Saturday, January 23, 2016

Dwindling shark population a blow to Sabah tourism


KOTA KINABALU: Prominent social activist Tan Sri Lee Lam Thye has called for a ban on shark hunting and finning activities in Sabah due to economic, sustainability and humane reasons.

He said the dwindling shark population was affecting the state’s tourism revenue as the shark population was estimated to have declined by 80 per cent over the past three decades.

“Sharks as predators at the top of the marine food pyramid, play a critical role in balancing the ocean ecosystem. It would be ecologically and economically damaging when sharks are removed from ocean ecosystems through overfishing or killing of sharks for their fins,” he said in a statement yesterday.

According to marine and shark conservationists, the rare Borneo river shark and Roughnose stingray only found in Borneo waters could be on the verge of extinction.

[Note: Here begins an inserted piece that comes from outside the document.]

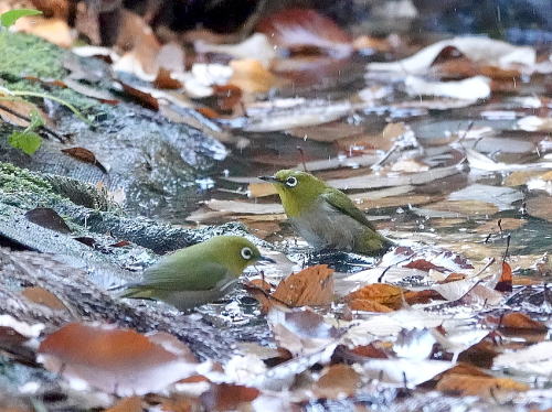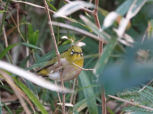 | メジロ[1月2日] 水浴びにやって来ました。 | ホオジロ[1月1日] 枯れヨシの中に群れでいます。 | |
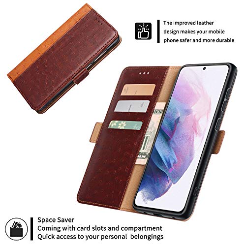 PaceBid Custodia Compatibile con Samsung Galaxy S30 + 5G/S21+ 5G, Premium PU Pelle Flip Custodia con Funzione Stand, [Fessure per Schede & Scomparto Laterale] [Chiusura Magnetica] - Brown

Sharks are also vulnerable to over-exploitation as their populations are slow to reproduce and may not recover once overfished.

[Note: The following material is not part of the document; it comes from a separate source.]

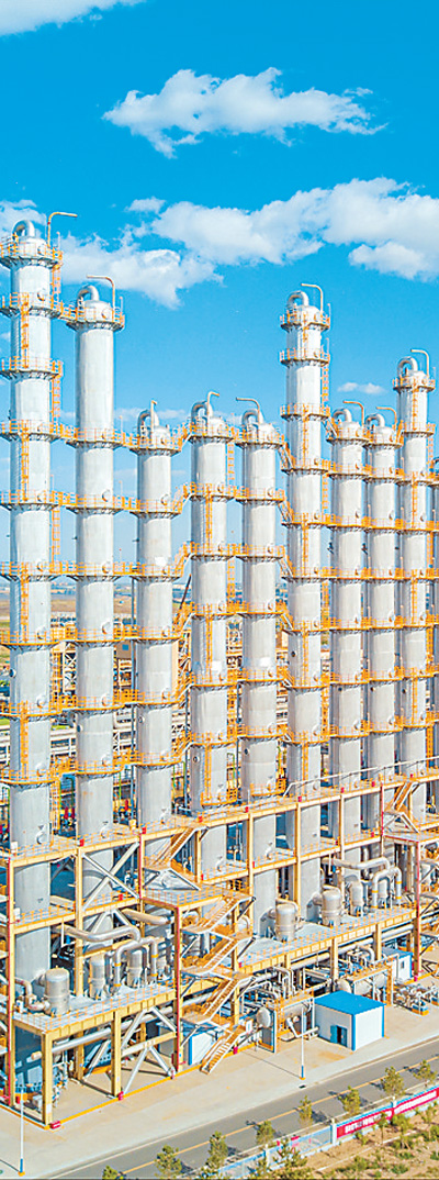 内蒙古通威高纯晶硅有限公司厂区里的精馏塔。 |

According to Lee, sharks form a significant part of Sabah’s RM354 million dive industry.

He said each year, local and international tourists and divers go to islands in Sabah particularly Semporna to see the wonders of marine treasures including the rare and endangered sharks.

The Australian Institute of Marine Science, based on its study a few years ago, valued a single living shark in Sabah’s waters at US$815,000 in terms of tourism revenue to Sabah, compared with US$100 for its fins.

Besides the economic factor, Lee reckoned that the Government also had to consider the humane reason.

Finning involves the inhumane practice of hacking off the shark’s fins and throwing its still living body back into the sea. The sharks are either starved to death, eaten alive by other fish or drowned, he stressed.